Data for analysis START

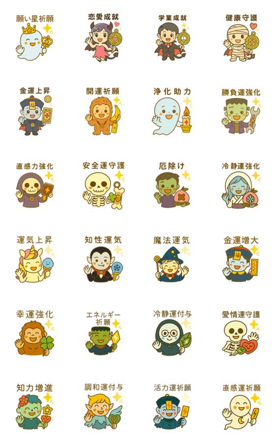 運気アップしたいあなたに、最強の守護スタンプ登場! 恋愛・金運・健康・美容・知性・浄化…ぜんぶ叶える24体のアンデッドたちが、あなたのトークをポップに守護。
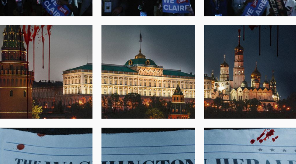 Три снимка, опубликованные в Instagram-аккаунте сериала, составляют панораму Кремля со стороны Москвы-реки. Каждая фотография подписана короткой фразой, которые в итоге складываются в послание:
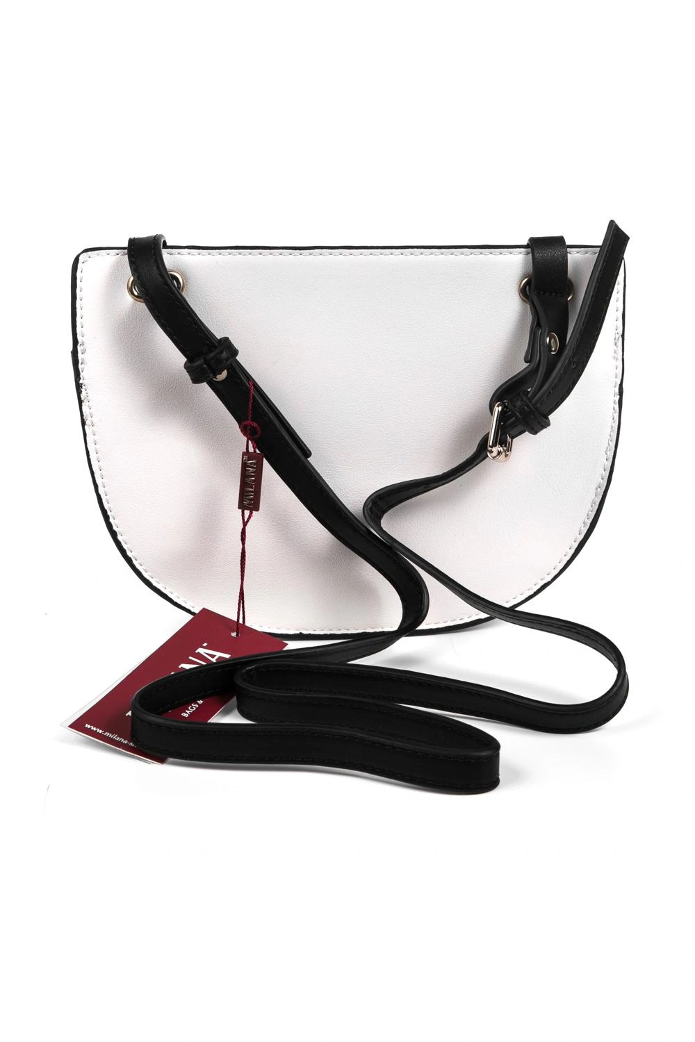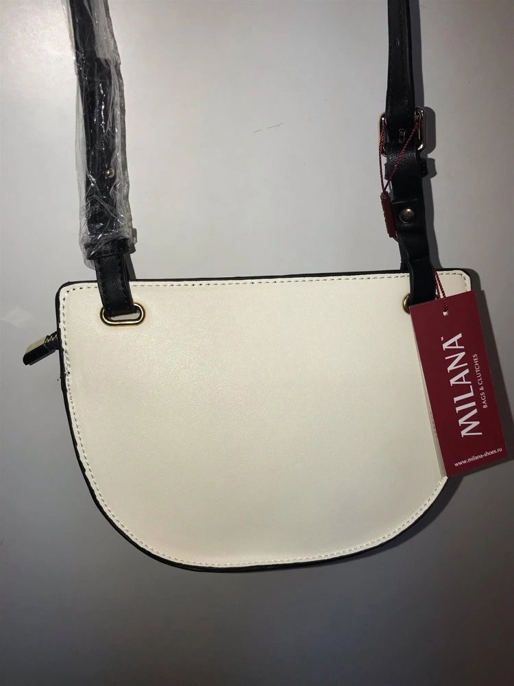Сумка суперская. Маленькая. Имеет два отделения- одно побольше на молнии и с клапаном на магните, второе поменьше -просто с клапаном на магните. Единственное- в описании указан белый цвет, а на самом деле цвет какой-то бело-кремовый или белый с бежевым подтоном. Ремень не очень длинный, носить только на плече. Все равно очень понравилась, взяла.
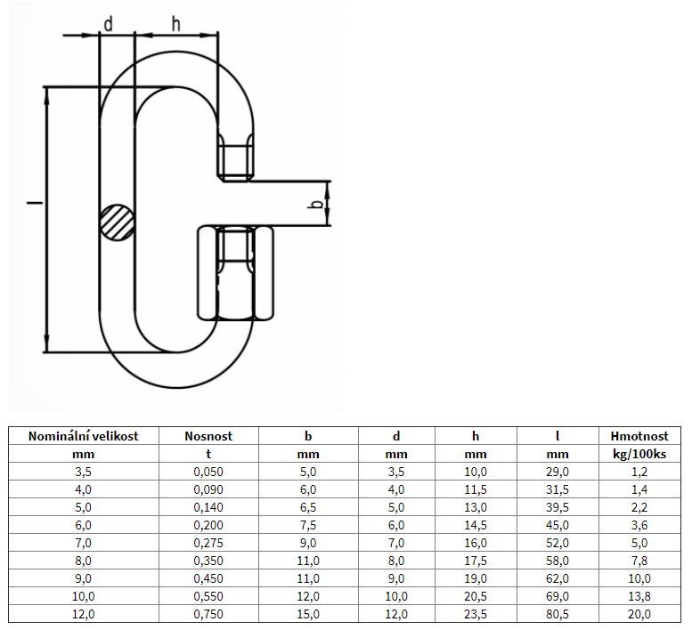 Řetězová rychlospojka s velkým otvorem Form B poz...
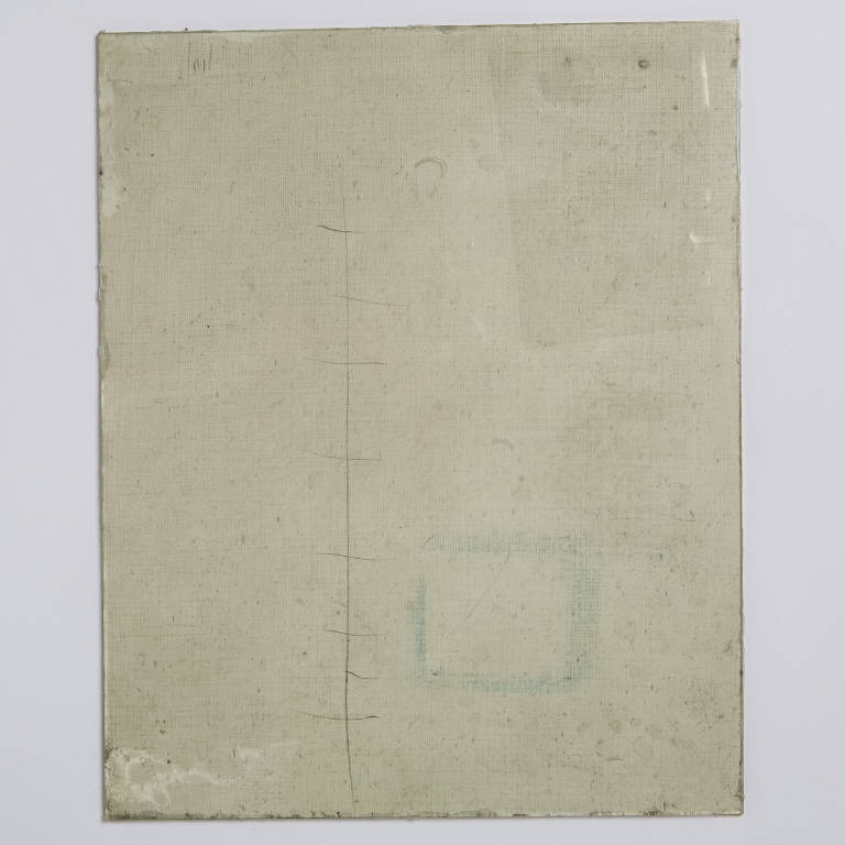 Formella quadrata di piccole dimensioni su cartoncino, con composizione a tecnica mista, protetta anteriormente da un vetro antico soffiato, di recupero. \nAl centro della composizione è realizzata a lapis una linea verticale con tacche; nella porzione inferiore a destra un quadrato dal perimetro azzurro; in alto a destra un rettangolo in plastica trasparente. Al verso, al centro una porzione rettangolare di cartoncino con abrasioni create dall'artista.
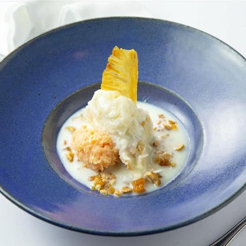 - 🥥 bolo de coco, sorvete de abacaxi com gengibre e cocada de pimenta e praliné crocante
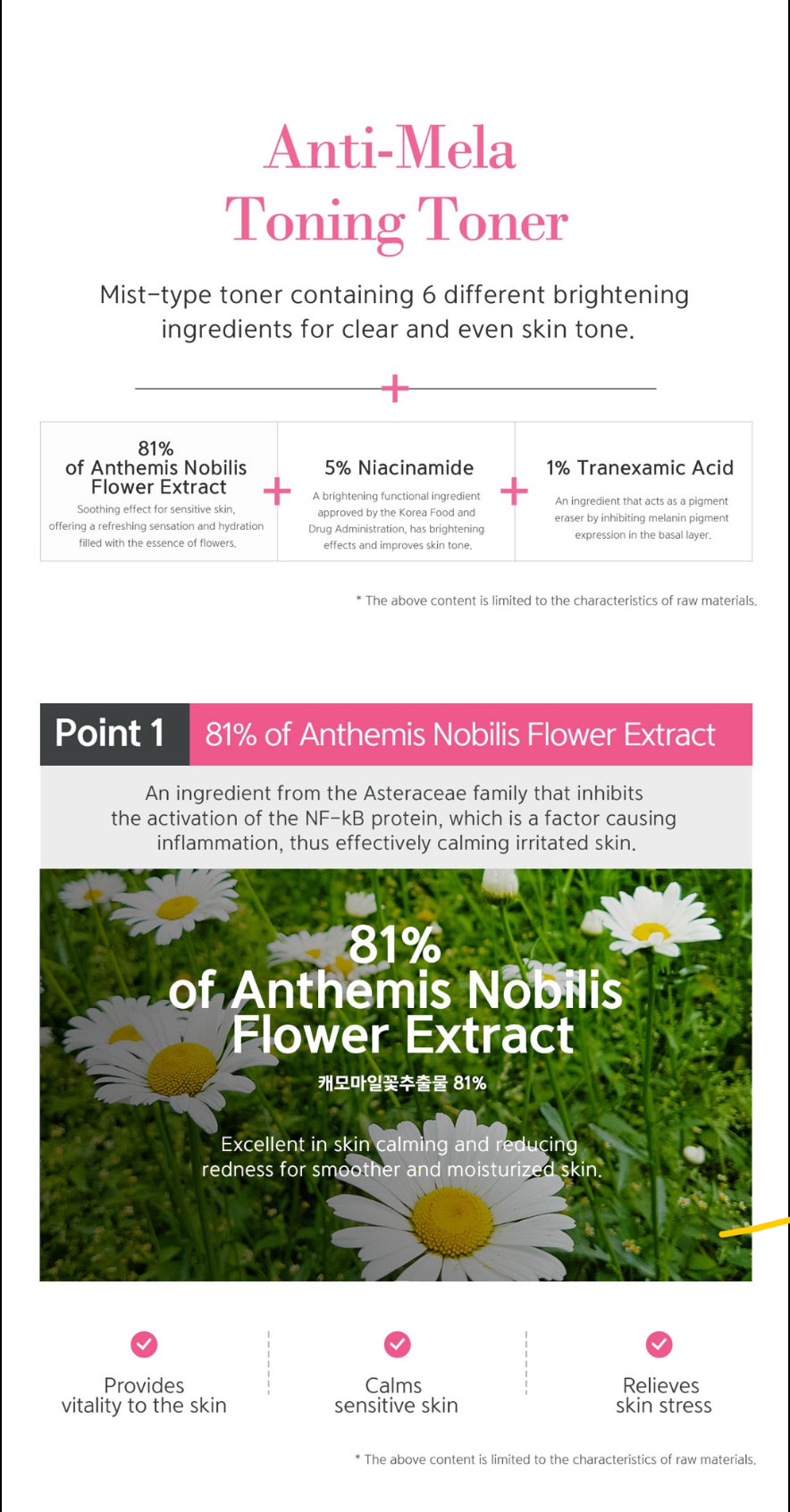 A jelly textured, mist - type toner that brightens dull and uneven skin tone with highly concentrated niacinamide , tranexamic acid , and glutathione , and calms sensitive skin with 81% of chamomile flower extract to make skin clear and healthy.
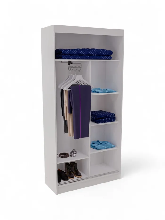 - Пространство для хранения: полки и штанга обеспечивают достаточно места для ваших вещей.
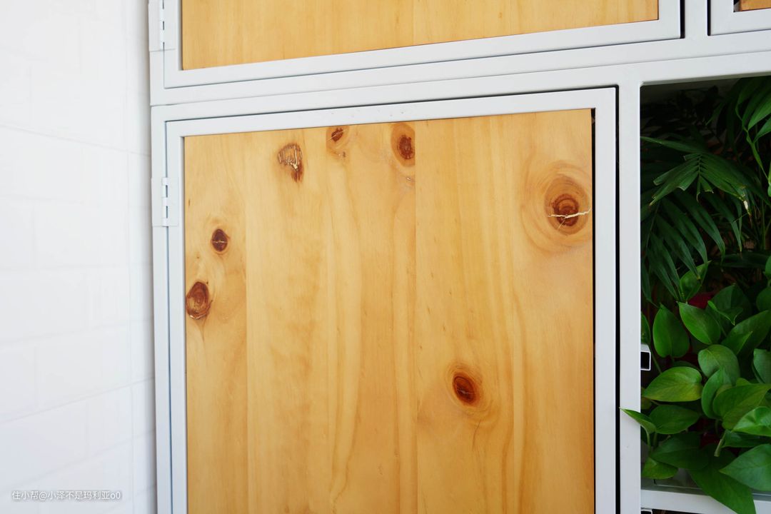 收纳柜是整装发货,送货入户,第一眼看过去就被这满柜门的疖疤所吸引,顿时心里凉了半截,不过好在木纹还算自然美观,跟阳台墙上的樟子松扣板搭配起来还是挺和谐的。
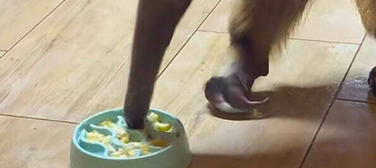 Такая миска для Мурашки — не прихоть, а необходимость. У неё с рождения наблюдаются проблемы с питанием из-за нароста на языке. Сейчас животному сложно высунуть его далеко, чтобы захватить достаточное количество пищи. Для профилактики киперы даже придумали специальный тренажёр, который улучшил ситуацию. Сложная миска может с этим помочь.
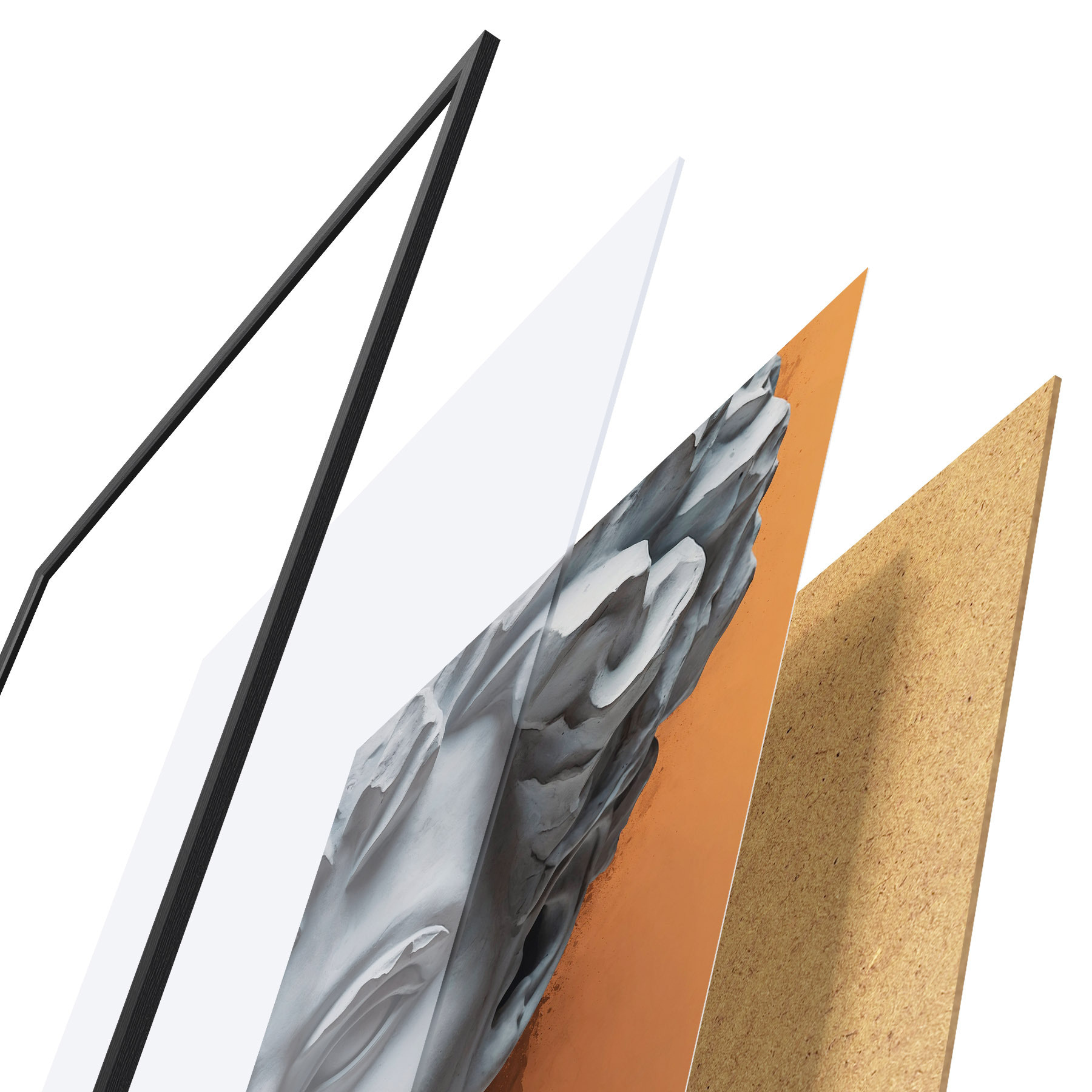 El póster consta de marco, plexiglás, imagen impresa y soporte de aglomerado. El póster puede colgarse inmediatamente en la pared gracias a los soportes de la parte posterior.
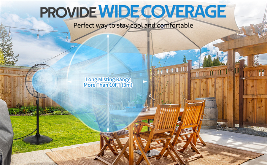 Cool the surrounding area up to 68℉. Fan misting is a must-have accessory for anyone looking to stay cool and refreshed during hot summer days. With its instant and refreshing mist, you, your loved ones, and even your pets can enjoy a refreshing breeze even in the hottest temperatures.
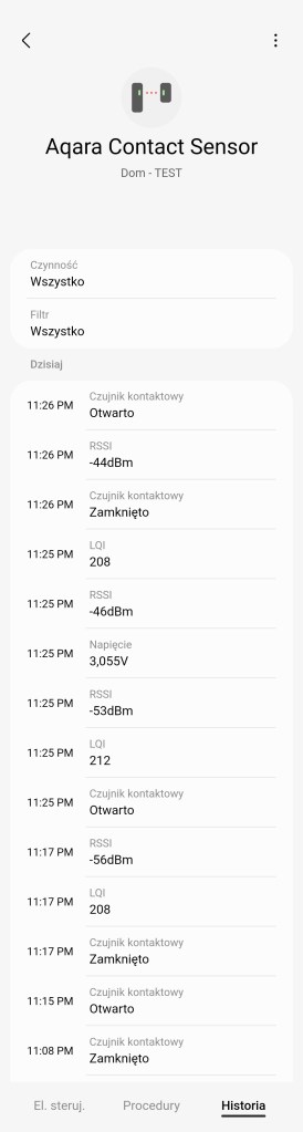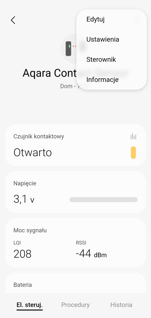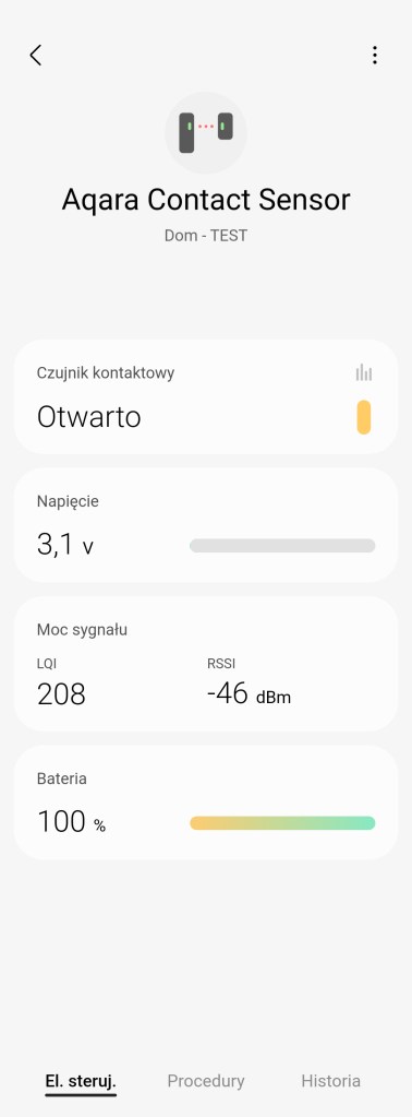W głównym panelu sterowania urządzeniem mamy informację o stanie czujnika „Otwarto” bądź „Zamknięto”. Poniżej znajdziemy informację o napięciu. Następnie pokazano moc sygnału. Będą to wartości RSSI (ang. Received Signal Strength Indicator) i LQI (ang. Link Quality Indicator), pomocne w budowaniu silnej sieci Zigbee. Ostatnią informacją jest poziom baterii, na jego odczyt zaraz po dodaniu, należy chwilę zaczekać. Na dole znajdziemy sekcję panel „Procedury” (dawniej „Automatyzacje”) znajdziemy tutaj listę procedur, gdzie używany jest czujnik otwarcia. Panel „Historii” nie różni się znacznie od innych urządzeń, mamy dostęp do sortowania i przestudiowania historii działań sensora. W ustawieniach „Edytuj” mamy standardową możliwość zmiany nazwy, ikony, lokalizacji, pokoju oraz możliwość dodania do panelu „Ulubione”.
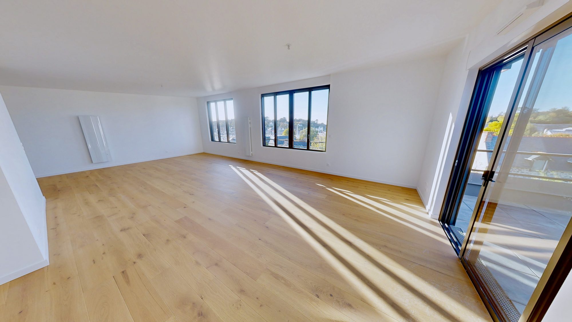Parquet contrecollé, carrelage/faïence standing, wc suspendus, menuiseries alu/volets roulants électriques.
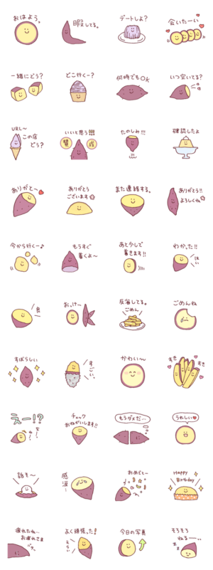 さつまいも/焼き芋/スイートポテト/お芋チップス 大好きな薩摩芋をスタンプに◎ 友達・恋人・家族に…たくさん使ってください!!Ako.* より発売
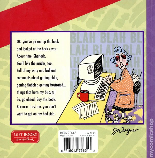 1st printing. By John Wagner. "Ok, you've picked up the book and looked at the back cover. About time, Sherlock. You'll like the insides, too. Full of my witty and brilliant comments about getting older, getting flabbier, getting frustrated... things that burn my biscuits! So, go ahead. Buy this book. Because, trust me, you don't want to get on my bad side." - Maxine Softcover, 7-in. x 7-in., 96 pages, PC/PB&W. Cover price $9.95.
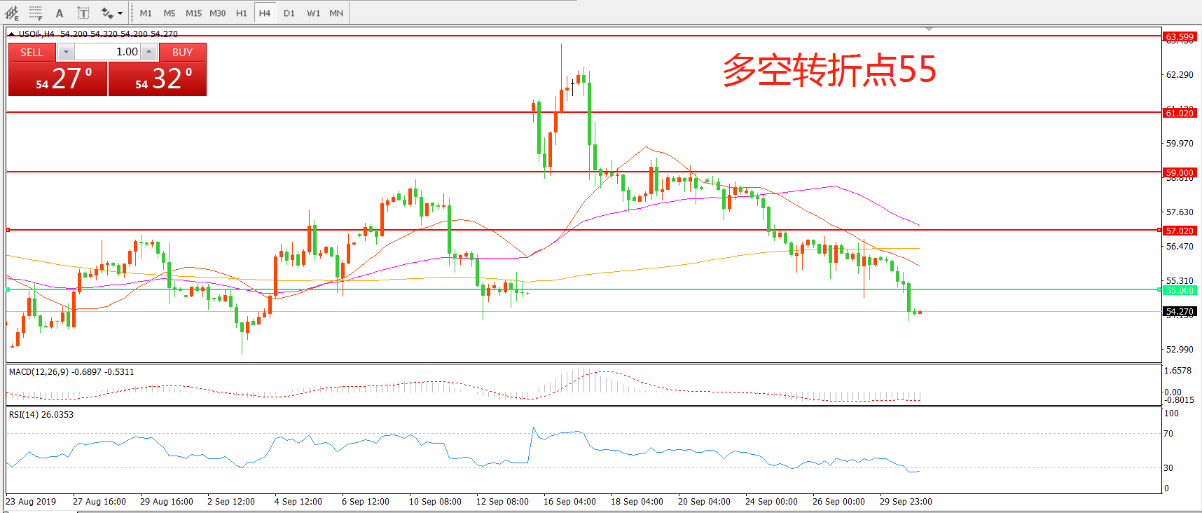 交易策略: 在55.00之下看跌,目标52.50    50.50
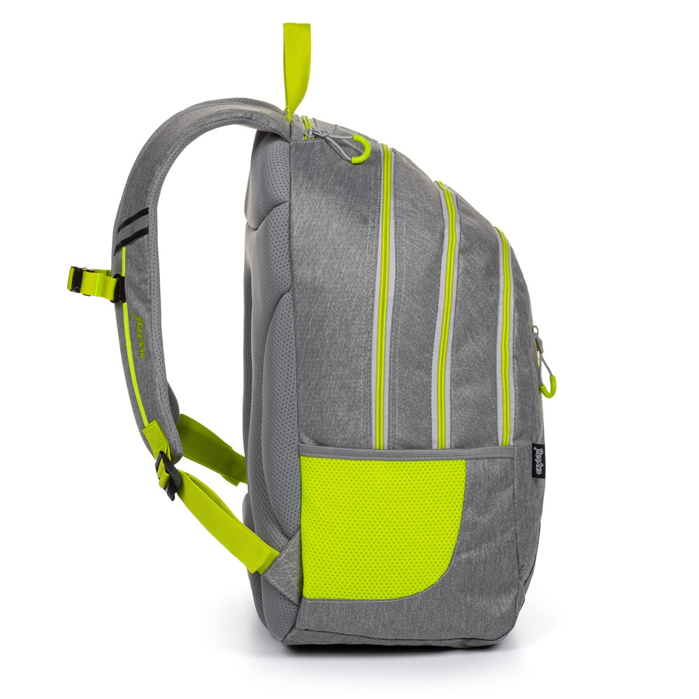 Student backpack Oxy Campus is suitable for high school students. It offers plenty of space in three chambers, complemented by practical small pockets for small items, side mesh pockets for drinking bottles. Adjustable padded shoulder straps and chest strap allow for a perfect fit. There is also an internal organizer and a 15 '' laptop pocket.

Data for analysis END

Your answer must be an exact copy of the records, without the pictures.

 運気アップしたいあなたに、最強の守護スタンプ登場! 恋愛・金運・健康・美容・知性・浄化…ぜんぶ叶える24体のアンデッドたちが、あなたのトークをポップに守護。
 Три снимка, опубликованные в Instagram-аккаунте сериала, составляют панораму Кремля со стороны Москвы-реки. Каждая фотография подписана короткой фразой, которые в итоге складываются в послание:
Сумка суперская. Маленькая. Имеет два отделения- одно побольше на молнии и с клапаном на магните, второе поменьше -просто с клапаном на магните. Единственное- в описании указан белый цвет, а на самом деле цвет какой-то бело-кремовый или белый с бежевым подтоном. Ремень не очень длинный, носить только на плече. Все равно очень понравилась, взяла.
 Řetězová rychlospojka s velkým otvorem Form B poz...
 Formella quadrata di piccole dimensioni su cartoncino, con composizione a tecnica mista, protetta anteriormente da un vetro antico soffiato, di recupero. \nAl centro della composizione è realizzata a lapis una linea verticale con tacche; nella porzione inferiore a destra un quadrato dal perimetro azzurro; in alto a destra un rettangolo in plastica trasparente. Al verso, al centro una porzione rettangolare di cartoncino con abrasioni create dall'artista.
 - 🥥 bolo de coco, sorvete de abacaxi com gengibre e cocada de pimenta e praliné crocante
 A jelly textured, mist - type toner that brightens dull and uneven skin tone with highly concentrated niacinamide , tranexamic acid , and glutathione , and calms sensitive skin with 81% of chamomile flower extract to make skin clear and healthy.
 - Пространство для хранения: полки и штанга обеспечивают достаточно места для ваших вещей.
 收纳柜是整装发货,送货入户,第一眼看过去就被这满柜门的疖疤所吸引,顿时心里凉了半截,不过好在木纹还算自然美观,跟阳台墙上的樟子松扣板搭配起来还是挺和谐的。
 Такая миска для Мурашки — не прихоть, а необходимость. У неё с рождения наблюдаются проблемы с питанием из-за нароста на языке. Сейчас животному сложно высунуть его далеко, чтобы захватить достаточное количество пищи. Для профилактики киперы даже придумали специальный тренажёр, который улучшил ситуацию. Сложная миска может с этим помочь.
 El póster consta de marco, plexiglás, imagen impresa y soporte de aglomerado. El póster puede colgarse inmediatamente en la pared gracias a los soportes de la parte posterior.
 Cool the surrounding area up to 68℉. Fan misting is a must-have accessory for anyone looking to stay cool and refreshed during hot summer days. With its instant and refreshing mist, you, your loved ones, and even your pets can enjoy a refreshing breeze even in the hottest temperatures.
W głównym panelu sterowania urządzeniem mamy informację o stanie czujnika „Otwarto” bądź „Zamknięto”. Poniżej znajdziemy informację o napięciu. Następnie pokazano moc sygnału. Będą to wartości RSSI (ang. Received Signal Strength Indicator) i LQI (ang. Link Quality Indicator), pomocne w budowaniu silnej sieci Zigbee. Ostatnią informacją jest poziom baterii, na jego odczyt zaraz po dodaniu, należy chwilę zaczekać. Na dole znajdziemy sekcję panel „Procedury” (dawniej „Automatyzacje”) znajdziemy tutaj listę procedur, gdzie używany jest czujnik otwarcia. Panel „Historii” nie różni się znacznie od innych urządzeń, mamy dostęp do sortowania i przestudiowania historii działań sensora. W ustawieniach „Edytuj” mamy standardową możliwość zmiany nazwy, ikony, lokalizacji, pokoju oraz możliwość dodania do panelu „Ulubione”.
Parquet contrecollé, carrelage/faïence standing, wc suspendus, menuiseries alu/volets roulants électriques.
 さつまいも/焼き芋/スイートポテト/お芋チップス 大好きな薩摩芋をスタンプに◎ 友達・恋人・家族に…たくさん使ってください!!Ako.* より発売
 1st printing. By John Wagner. "Ok, you've picked up the book and looked at the back cover. About time, Sherlock. You'll like the insides, too. Full of my witty and brilliant comments about getting older, getting flabbier, getting frustrated... things that burn my biscuits! So, go ahead. Buy this book. Because, trust me, you don't want to get on my bad side." - Maxine Softcover, 7-in. x 7-in., 96 pages, PC/PB&W. Cover price $9.95.
 交易策略: 在55.00之下看跌,目标52.50    50.50
 Student backpack Oxy Campus is suitable for high school students. It offers plenty of space in three chambers, complemented by practical small pockets for small items, side mesh pockets for drinking bottles. Adjustable padded shoulder straps and chest strap allow for a perfect fit. There is also an internal organizer and a 15 '' laptop pocket.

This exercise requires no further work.